[Records excerpted from a collection]
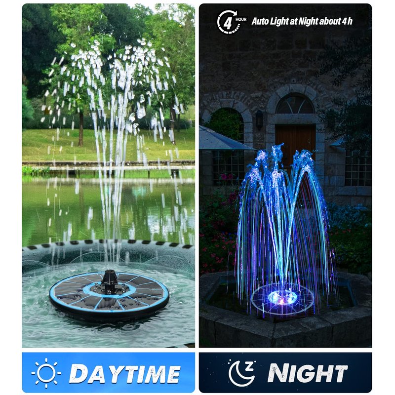 - ๐๐๐จ๐ฅ๐จ๐ซ๐๐ฎ๐ฅ ๐๐๐ ๐๐ข๐ ๐ก๐ญ ๐๐จ๐ฅ๐๐ซ ๐ ๐จ๐ฎ๐ง๐ญ๐๐ข๐ง:3.5W solar water fountain for birdbath is equipped with 6 LEDs. The RGB colorful led light will auto light up at night. With 2200 capacity battery, the solar fountain with battery fully charge will provide power for about 3 - 4 hours working at night. During the day, the solar fountain will attract all kinds of birds, like hummingbirds. At night, you and your family can enjoy the wonderful light show. Go and buy our amazing solar fountain with colorful light to decorate your Garden.
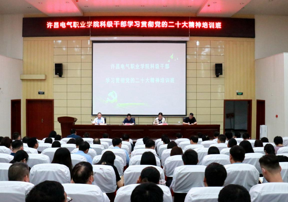 為深入學(xué)習(xí)貫徹黨的二十大精神,按照市委組織部通知要求,5月16日下午,許昌電氣職業(yè)學(xué)院科級(jí)干部學(xué)習(xí)貫徹黨的二十大精神集中培訓(xùn)班在學(xué)院二期報(bào)告廳開(kāi)班。院黨委書(shū)記彭占亭出席開(kāi)班式并作動(dòng)員講話,黨委副書(shū)記張明慧主持開(kāi)班式。黨委委員、組織部部長(zhǎng)張杰偉,黨委辦公室主任楊繼奎出席會(huì)議。學(xué)院全體科級(jí)干部和專職思政教師共計(jì)130余人參加培訓(xùn)。
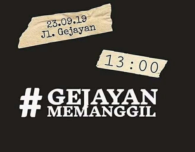 YOGYAKARTA (kabarkota.com) – Seruan aksi damai dengan tagar Gejayan Memanggil yang akan digelar pada Senin (23/9/2019) siang ini mengundang perhatian dari sejumlah kampus di Yogyakarta.
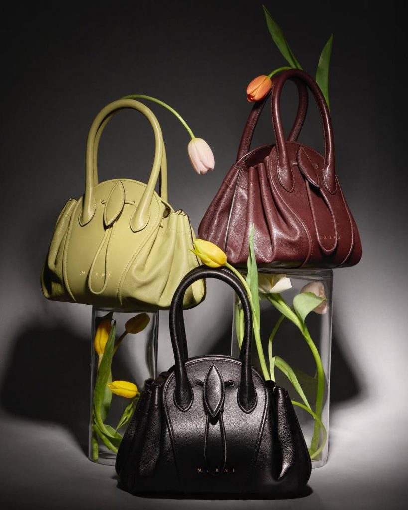 Marni does not lag behind and offers to reconnect with nature instead of classic silhouettes. New Marni Tulipea was inspired by the tulip bud, the symbol of elegance and eternal love. The bag has already found its way into the hands of the most stylish girls, including Dior’s new ambassador Mia Goth, as well as actresses Amanda Seyfried and Katie Holmes.
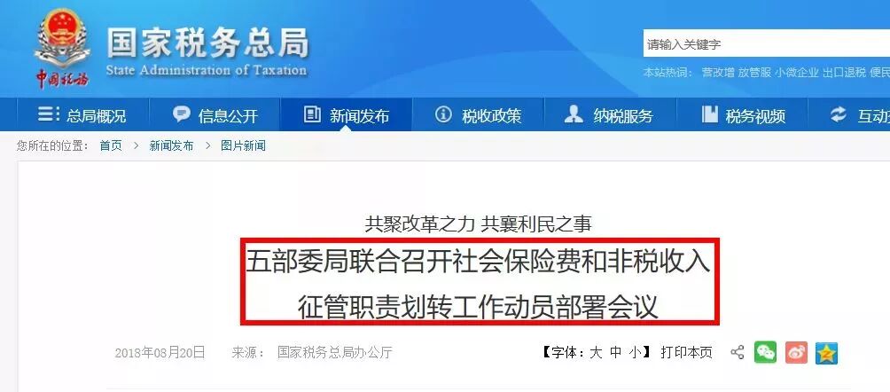 今年12月10日前要完成社會保險費和第一批非稅收入征管職責劃轉交接工作,自2019年1月1日起由稅務部門統一征收各項社會保險費和先行劃轉的非稅收入。
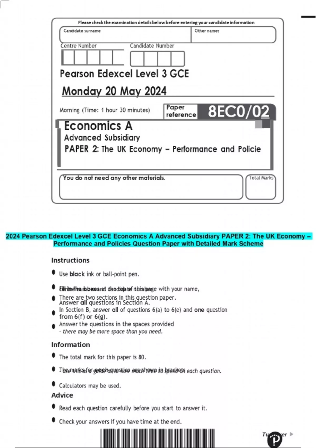 2024 Pearson Edexcel Level 3 GCE Economics A Advanced Subsidiary PAPER 2: The UK Economy – Performance and Policies Question Paper with Detailed Mark Scheme

* Aim of the exercise *
Output every entry exactly, leaving out pictures.

* Answer for the task *
 - ๐๐๐จ๐ฅ๐จ๐ซ๐๐ฎ๐ฅ ๐๐๐ ๐๐ข๐ ๐ก๐ญ ๐๐จ๐ฅ๐๐ซ ๐ ๐จ๐ฎ๐ง๐ญ๐๐ข๐ง:3.5W solar water fountain for birdbath is equipped with 6 LEDs. The RGB colorful led light will auto light up at night. With 2200 capacity battery, the solar fountain with battery fully charge will provide power for about 3 - 4 hours working at night. During the day, the solar fountain will attract all kinds of birds, like hummingbirds. At night, you and your family can enjoy the wonderful light show. Go and buy our amazing solar fountain with colorful light to decorate your Garden.
 為深入學(xué)習(xí)貫徹黨的二十大精神,按照市委組織部通知要求,5月16日下午,許昌電氣職業(yè)學(xué)院科級(jí)干部學(xué)習(xí)貫徹黨的二十大精神集中培訓(xùn)班在學(xué)院二期報(bào)告廳開(kāi)班。院黨委書(shū)記彭占亭出席開(kāi)班式并作動(dòng)員講話,黨委副書(shū)記張明慧主持開(kāi)班式。黨委委員、組織部部長(zhǎng)張杰偉,黨委辦公室主任楊繼奎出席會(huì)議。學(xué)院全體科級(jí)干部和專職思政教師共計(jì)130余人參加培訓(xùn)。
 YOGYAKARTA (kabarkota.com) – Seruan aksi damai dengan tagar Gejayan Memanggil yang akan digelar pada Senin (23/9/2019) siang ini mengundang perhatian dari sejumlah kampus di Yogyakarta.
 Marni does not lag behind and offers to reconnect with nature instead of classic silhouettes. New Marni Tulipea was inspired by the tulip bud, the symbol of elegance and eternal love. The bag has already found its way into the hands of the most stylish girls, including Dior’s new ambassador Mia Goth, as well as actresses Amanda Seyfried and Katie Holmes.
 今年12月10日前要完成社會保險費和第一批非稅收入征管職責劃轉交接工作,自2019年1月1日起由稅務部門統一征收各項社會保險費和先行劃轉的非稅收入。
 2024 Pearson Edexcel Level 3 GCE Economics A Advanced Subsidiary PAPER 2: The UK Economy – Performance and Policies Question Paper with Detailed Mark Scheme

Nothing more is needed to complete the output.